(Records contained in a dataset)
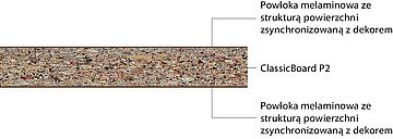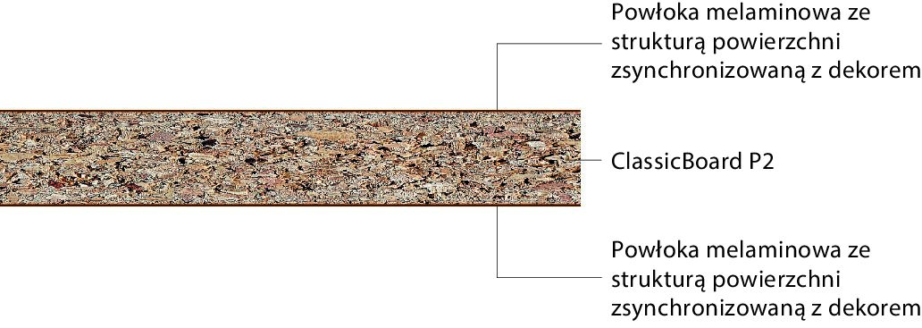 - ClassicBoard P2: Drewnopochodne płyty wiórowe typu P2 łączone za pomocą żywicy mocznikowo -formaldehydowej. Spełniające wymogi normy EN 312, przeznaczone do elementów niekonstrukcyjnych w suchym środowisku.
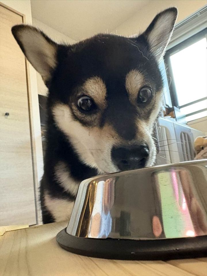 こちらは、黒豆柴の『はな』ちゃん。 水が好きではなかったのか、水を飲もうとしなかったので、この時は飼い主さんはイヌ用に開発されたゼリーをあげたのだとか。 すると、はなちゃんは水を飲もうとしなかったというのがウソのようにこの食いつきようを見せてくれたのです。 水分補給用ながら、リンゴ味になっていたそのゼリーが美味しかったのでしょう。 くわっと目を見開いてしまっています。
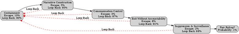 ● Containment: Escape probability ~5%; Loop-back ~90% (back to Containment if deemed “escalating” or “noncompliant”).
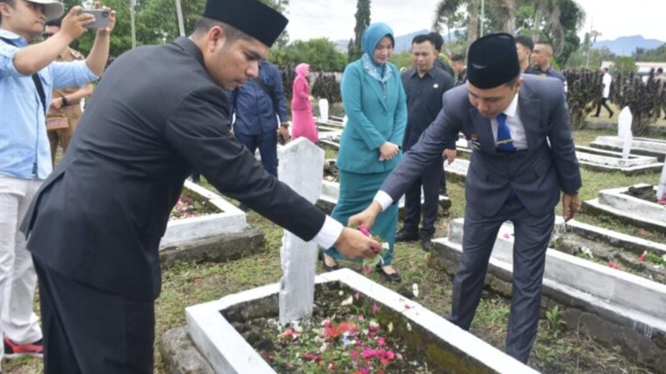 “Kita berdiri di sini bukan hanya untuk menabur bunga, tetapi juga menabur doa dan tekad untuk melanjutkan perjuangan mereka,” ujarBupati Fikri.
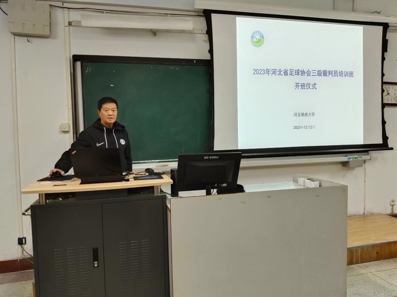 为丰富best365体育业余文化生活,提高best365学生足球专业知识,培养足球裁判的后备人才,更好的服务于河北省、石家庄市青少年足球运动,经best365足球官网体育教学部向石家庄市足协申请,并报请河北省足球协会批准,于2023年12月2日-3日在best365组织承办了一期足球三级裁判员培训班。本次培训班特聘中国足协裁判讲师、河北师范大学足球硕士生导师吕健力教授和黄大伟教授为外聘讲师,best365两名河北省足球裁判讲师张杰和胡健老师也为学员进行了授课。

_Problem details_
Please print the data above once more, exactly and without images.

_Worked solution_
 - ClassicBoard P2: Drewnopochodne płyty wiórowe typu P2 łączone za pomocą żywicy mocznikowo -formaldehydowej. Spełniające wymogi normy EN 312, przeznaczone do elementów niekonstrukcyjnych w suchym środowisku.
 こちらは、黒豆柴の『はな』ちゃん。 水が好きではなかったのか、水を飲もうとしなかったので、この時は飼い主さんはイヌ用に開発されたゼリーをあげたのだとか。 すると、はなちゃんは水を飲もうとしなかったというのがウソのようにこの食いつきようを見せてくれたのです。 水分補給用ながら、リンゴ味になっていたそのゼリーが美味しかったのでしょう。 くわっと目を見開いてしまっています。
 ● Containment: Escape probability ~5%; Loop-back ~90% (back to Containment if deemed “escalating” or “noncompliant”).
 “Kita berdiri di sini bukan hanya untuk menabur bunga, tetapi juga menabur doa dan tekad untuk melanjutkan perjuangan mereka,” ujarBupati Fikri.
 为丰富best365体育业余文化生活,提高best365学生足球专业知识,培养足球裁判的后备人才,更好的服务于河北省、石家庄市青少年足球运动,经best365足球官网体育教学部向石家庄市足协申请,并报请河北省足球协会批准,于2023年12月2日-3日在best365组织承办了一期足球三级裁判员培训班。本次培训班特聘中国足协裁判讲师、河北师范大学足球硕士生导师吕健力教授和黄大伟教授为外聘讲师,best365两名河北省足球裁判讲师张杰和胡健老师也为学员进行了授课。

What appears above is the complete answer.